Professionalizing family businesses

BREAKTHROUGH - Elfren S. Cruz - The Philippine Star

Family businesses must introduce professional management to their companies if they want to expand and grow. However, the first step to professionalizing family business management is to prepare the company and guide it through a transition period.

Certain essential milestones have been generally accepted as bases for a company to evolve towards professionalism:

• Adequate formalized shareholders’ agreement, e.g., a family constitution

• Agreement on goals and objectives for the business as an investment, e.g., growth objectives, tolerable risk levels, returns expected, etc.

• Timely, accurate accounting information in a form that facilitates planning, operational decision-making and performance review, e.g., operating and capital budgets, regular key results reports , etc.

• Strong, coordinated middle management motivated by an incentive compensation plan that is geared to achieving performance goals.

It must be borne in mind that even prior to thinking of professionalizing a family business, families must first distinguish between business and family issues. Professional management can happen only if the organizational structure of the business firm is used to discuss and decide on purely business issues. The moment this same structure is used to discuss family issues, professionalism will be compromised and retarded.

Therefore, a Family Council as a forum for discussion of family issues is a necessary step to professionalizing the business. Corollary to this is the need for a Family Constitution which will embody the rules for running the Family Council.

Another prerequisite for the introduction of professional management is the acceptance of the principle of accountability by all managers, especially owner-managers. Essentially this means that all owner-managers must accept that they will be evaluated on the basis of the results of their performance. Their scope of authority and even their continuance in the business must be decided based on their performance alone. The notion that family members inherit the right to manage a family business is not comparable with the goal of professionalizing the management of the business.

In the article “Why You Should Have a Board” by Peter Davis, it says, “The directors serve to clarify the goals of the company, to articulate plans, to enhance communication among the owners, to build consensus for initiatives that might otherwise be contentious and divisive. The challenge for boards of family companies is not only to provide good corporate governance that is responsive to the needs of the company, but to recognize and deal with the pragmatic realities and idiosyncracies of the family owners.”

In today’s business environment, where all business firms must become globally competitive, the family business must realize that more and more it cannot survive without a real and functioning Board of Directors.

Once a Family Council is formed and a Family Constitution is written, then the family business is ready to be governed by a professional board even though it is still being managed by members of the family.

Owner-managers must be accountable to an individual or group for the consequences of their decisions. The ideal group for this function is a professional, active Board of Directors.

In most family businesses, the Board of Directors is a fictitious entity. The board minutes are often simply contrived documents written to satisfy the requirements of the Securities and Exchange Commission or the Bureau of Internal Revenue. Board resolutions are made whenever banks and other financial institutions require them and these resolutions are based on imaginary board meetings.
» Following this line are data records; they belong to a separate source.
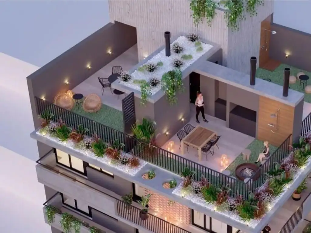 Los departamentos se entregaran con pisos de primera calidad, cocina con alacena aérea bajo mesada, mesada de marmol granito, artefacto de cocina a gas y calefón.
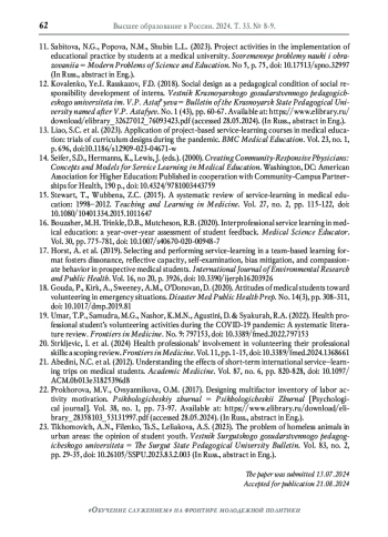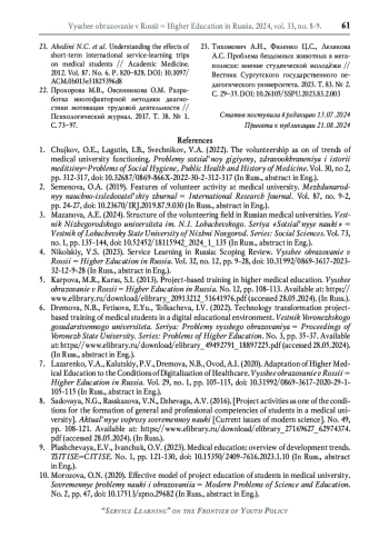 13. Liao S.C. et al. Application of project-based service-learning courses in medical education: trials of curriculum designs during the pandemic // BMC Medical Education. 2023. Vol. 23. No. 1. P. 696. DOI: 10.1186/s12909-023-04671-w EDN: IMHLGU
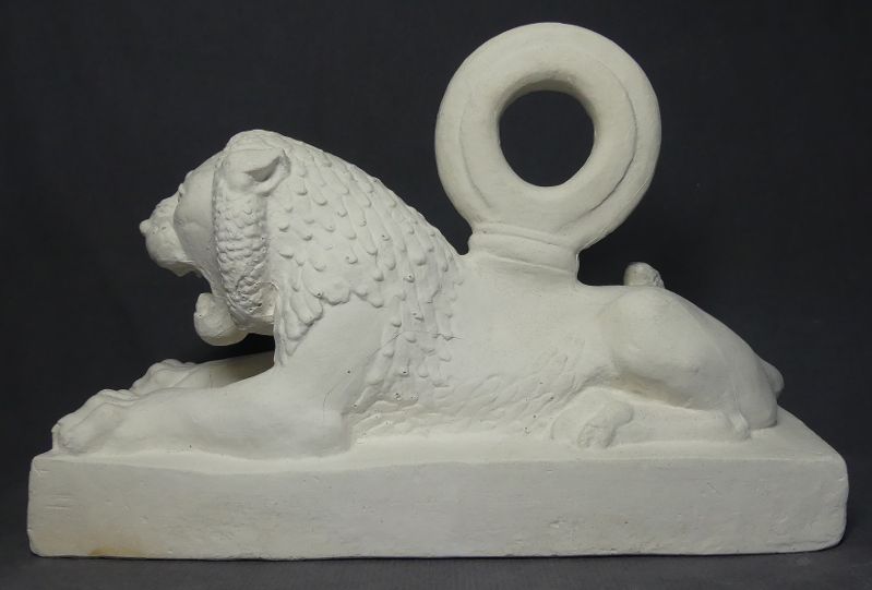 moulage non patiné d'un lion surmonté d'un anneau ; tiré à partir d'un moule à pièces (nombreuses coutures apparentes)
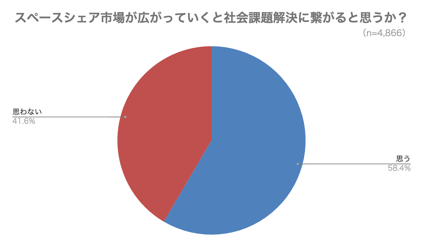 ・スペースシェアサービスまたはスペース共有型サービス群のいずれか、または両方を知っている人のうち、58.4%が社会課題解決に期待。
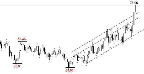 54.86美元至今的上涨浪段,运行在图中所示的上涨通道内部。由于昨日涨幅过大,最新市价已经突破通道线上轨。由于多头过于强势,在下一个顶分形出现之前不建议抱过看空观点。
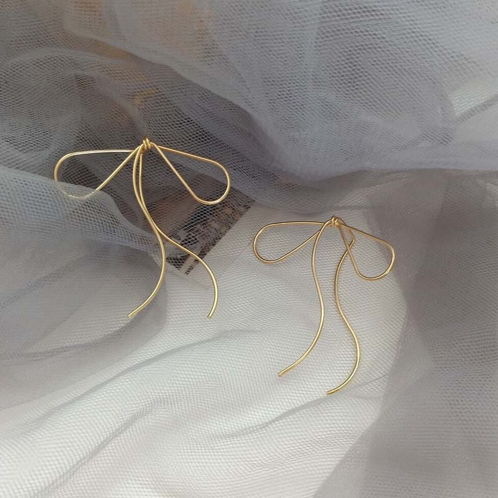 踊るような曲線が特徴の細リボンモチーフピアス。意図のある装飾でコーデの完成度を確かなものに。糸のように繊細にきらめく様子が女性らしさを高めてくれます

Families do not normally have a functioning Board of Directors. If the board is composed of only family members, then sessions are held informally since formal sessions are considered too bothersome and bureaucratic. If there are non-family members on the board, board meetings are rarely held, because family issues are considered taboo subjects not to be discussed in front of non-family members.

Even the so-called professional boards of family businesses serve mostly as an advisory board to the owners. They usually have little authority and seldom vote on major issues. They seldom fulfill the true function of a board, which is corporate governance.
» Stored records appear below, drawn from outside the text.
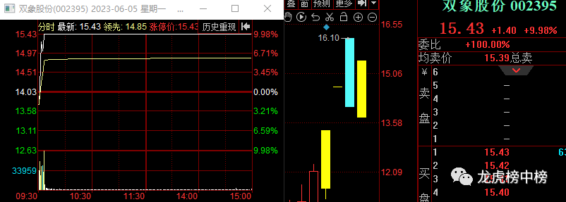 高开高走缩量板,龙虎榜前买五买进总金额不算特别大,人气依然无敌,一点就上去。这里这么好的人气也不轻易言顶,只要行情没有大崩盘,这里有仓位的话还可以多拿一下,没有仓位的可能考虑分歧低点稍微干一点感受感受,但现阶段市场震荡为主,就不要猛追高位加速点。
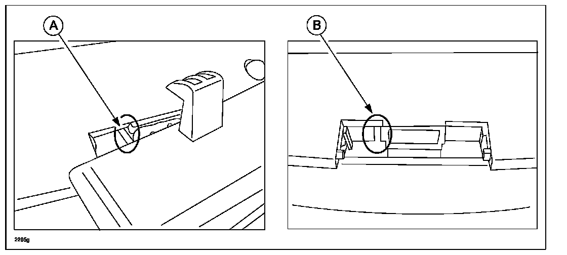 Some customers may experience that the console lid (A) does not lock. If the console lid is forcibly opened without releasing the console lid latch, the latch may come off. If the latch spring is not installed in a correct position when installing the latch, the latch will not operate.
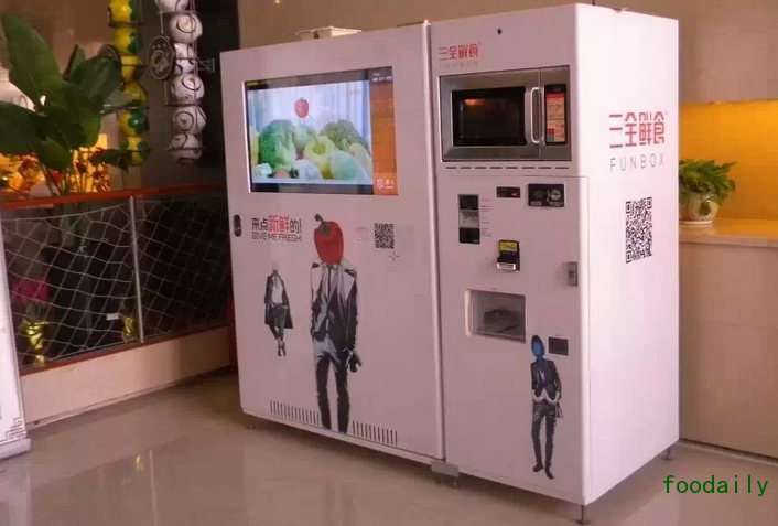 三全鲜食的模式为 APP(手机预订软件)+FUNBOX 智能午餐贩卖机 + 中央厨房。中央厨房统一生产盒饭,然后通过冷链物流配送到午餐贩卖机。用户通过 APP 购买盒饭,然后在附近的贩卖机取餐。
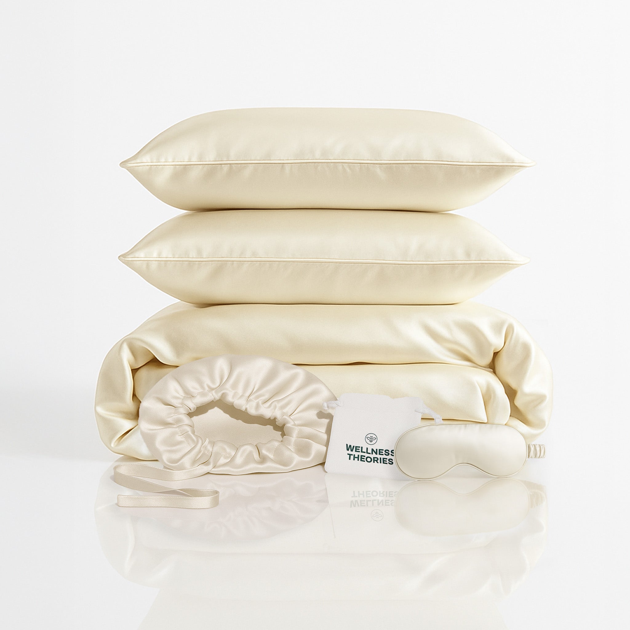 Zusammen bilden diese drei Seidenessentials ein komplettes nächtliches Ritual, das Luxus, Komfort und Pflege vereint, um die Haut zu verfeinern, die Schönheit des Haars zu bewahren und einen unvergleichlich weichen Schlaf zu schenken.

Globalization and trade liberalization continue to change the competitive environment. In this environment, the owner-manager cannot continue shouldering total responsibility for the business. However, sharing this responsibility with a Board of Directors must also mean sharing authority with the board. This critical step of decentralizing authority as a transition to professionalizing the company is often the most difficult for an owner-manager to accept.

Family businesses go through a very difficult period of transition when they have gone beyond the founder’s direct influence but have not yet shifted to professional management. In the article by Donald Jonovic on “When to Start a Board of Directors,” it is observed that: “Some companies take longer to cross the threshold into professional management and size appears to have little to do with how quickly the transition occurs. Even large organizations can function for some time in this twilight zone.”
The reason for this is that typical entrepreneurs start out with tunnel vision, relying on dreams rather than rational analysis as a basis for decision-making. They rely on drive, adrenaline and persistence to remove all obstacles to their goals. An outside review by a board of directors by contrast is normally analytical, critical and questioning in nature. Obviously, this will be in clear conflict with the management style of entrepreneurs. To them, a board is a group of backseat drivers.

In the final analysis, the effectiveness of boards in family businesses is totally dependent on the desire of owner-managers to have competent persons on their boards and their willingness to accept the latter’s advice.